Monsanto has not yet altered its policy on sowing contaminated seeds or manipulating world agriculture. But who knows? Maybe future generations of genetically mutilated creatures running across Monsanto’s lawn will prove to be one of the best forms of active childhood education in Creve Coeur, Missouri.

2 thoughts on “Hey! Keystone Cops chase Giant Rat at Monsanto World Headquarters!”
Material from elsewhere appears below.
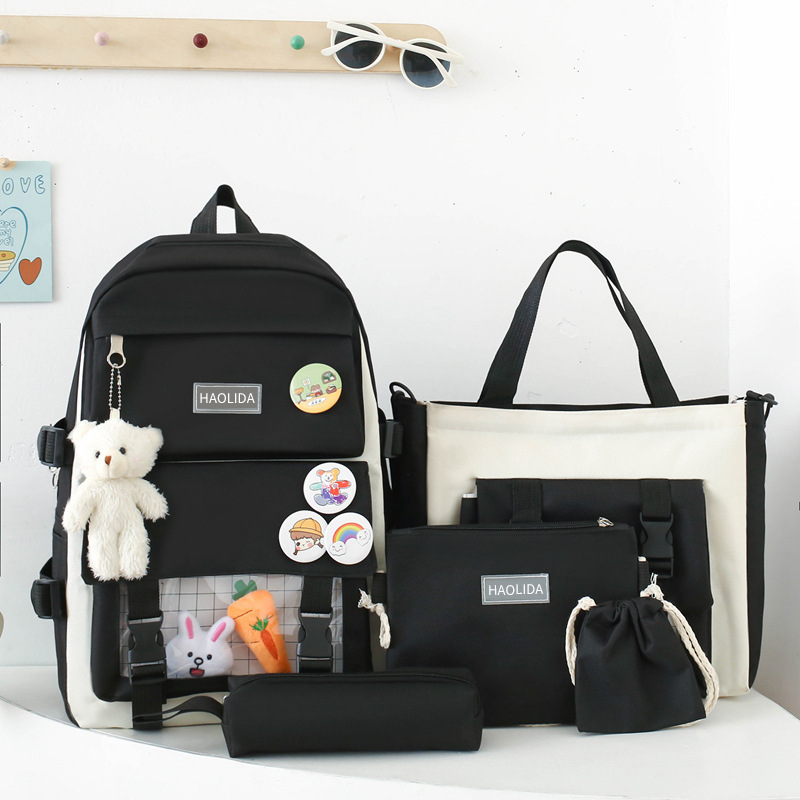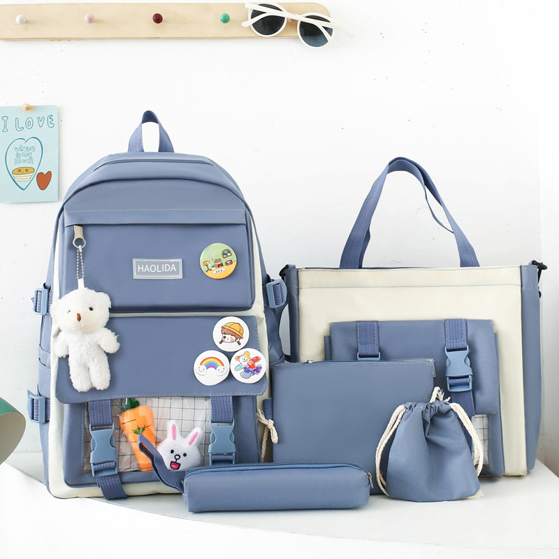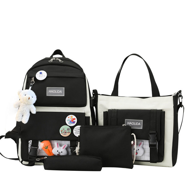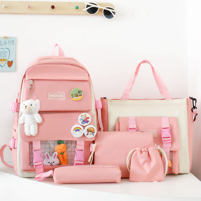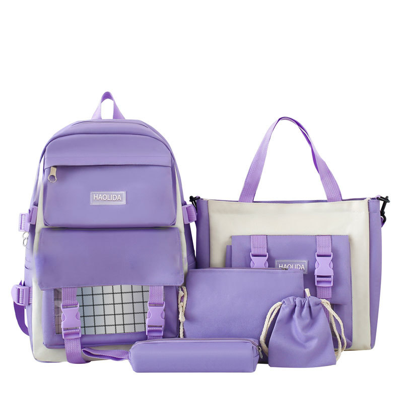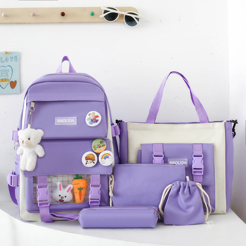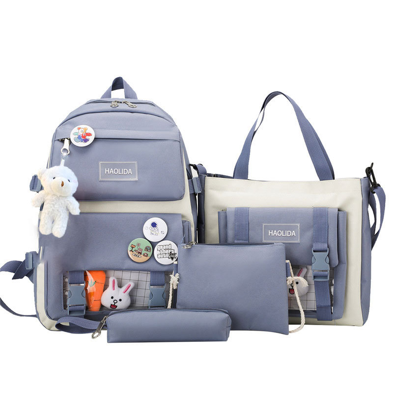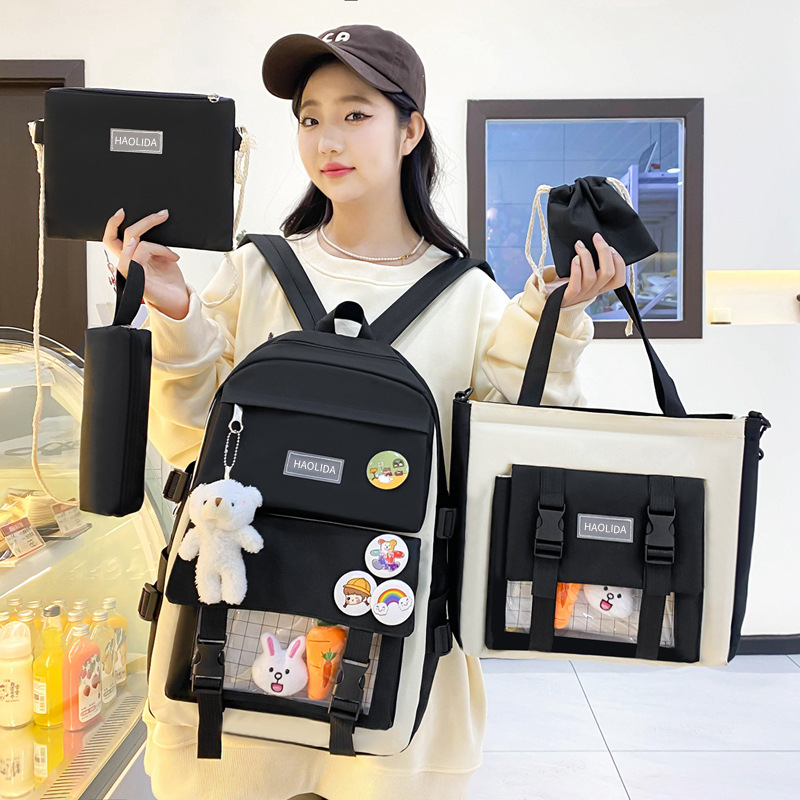 국경 4 종 학생 스쿨백 배낭 중학교 고등학교 고등학교 여학생 5 종 배낭 대용량 여행 가방

  1. To Ancient Celtic Warriors, satire and mockery were considered extremely powerful weapons. Tales of bards singing a satire of their opponent and that opponent breaking out in face welts or other incapacitating physical effects are not uncommon. Laughter isn’t just the most powerful medicine; it’s also one of the most powerful weapons for defeating a superficially more powerful enemy.

    1. LMAO!!! How effective! How …educational, especially for the kids on the school buses whose real education occurred on the way home from school. Awesome! 🙂 I am in tears over the rat. That was a GREAT performance.